With modern intensive care support, the outcome is excellent for most patients.

However, neurological problems persist in up to 20% of patients; half of these patients are severely disabled.

Approximately 20% of patients cannot walk unaided six months after the onset of the condition.

Question 13

What is transverse myelitis?

Answer 13

Transverse myelitis (TM) is a pathogenetically heterogeneous focal inflammatory disorder of the spinal cord characterised by acute or subacute development of motor weakness, sensory impairment, and autonomic dysfunction

TM causes motor weakness, a sensory impairment below the lesions, and bowel and bladder dysfunction.

Question 14

What is the aetiology of transverse myelitis?

Answer 14

Multiple sclerosis and neuromyelitis optica spectrum disorder: these are the most common causes of TM.

Para-infectious causes: note that the causative organism is usually not identified.

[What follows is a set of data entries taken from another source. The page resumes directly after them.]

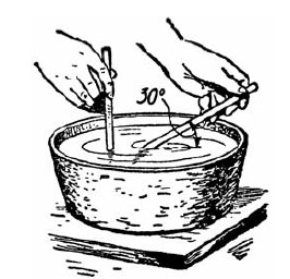 В отвесной капиллярной трубке жидкость поднимается на 10 мм над уровнем в сосуде. Как высоко поднимается она, если трубку наклонить под углом в 30° к поверхности жидкости (рис. 30)?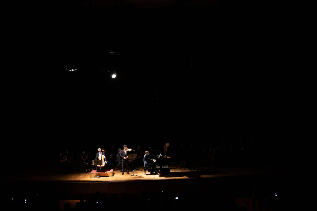 Шығарманы FORTE TRIO мемлекеттік триосы мен Қазақ мемлекеттік симфониялық оркестрі орындады. Классикалық музыканың сүйемелдеуі Аустриядан арнайы шақырылған маэстро Мария Бенюмованың дирижерлігімен өтті.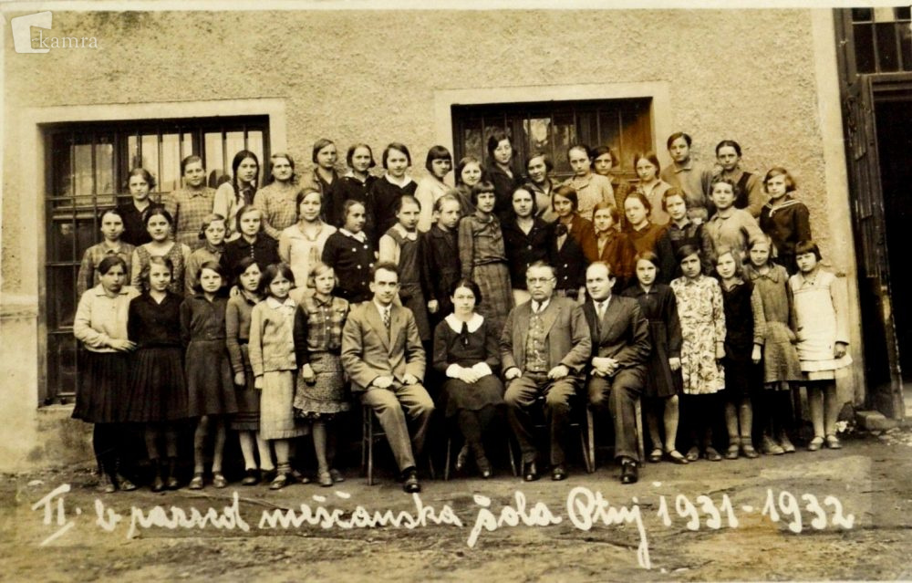 Na sliki so učenci 2.b razreda s svojimi učitelji v šolskem letu 1931/1932.

• Antecedent viral infection: known causative agents include herpes simplex, varicella zoster, cytomegalovirus, Epstein-Barr virus, enteroviruses, HIV, influenza, human T-cell leukaemia virus, West Nile virus, Zika virus, and rabies.
• Antecedent bacterial or fungal infection: known causative organisms include Mycoplasma pneumoniae, TB, syphilis, Lyme borreliosis.

Post-vaccination: TM has been reported with almost all vaccines.

Systemic autoimmune causes: systemic lupus erythematosus and Sjogren’s syndrome are associated with TM.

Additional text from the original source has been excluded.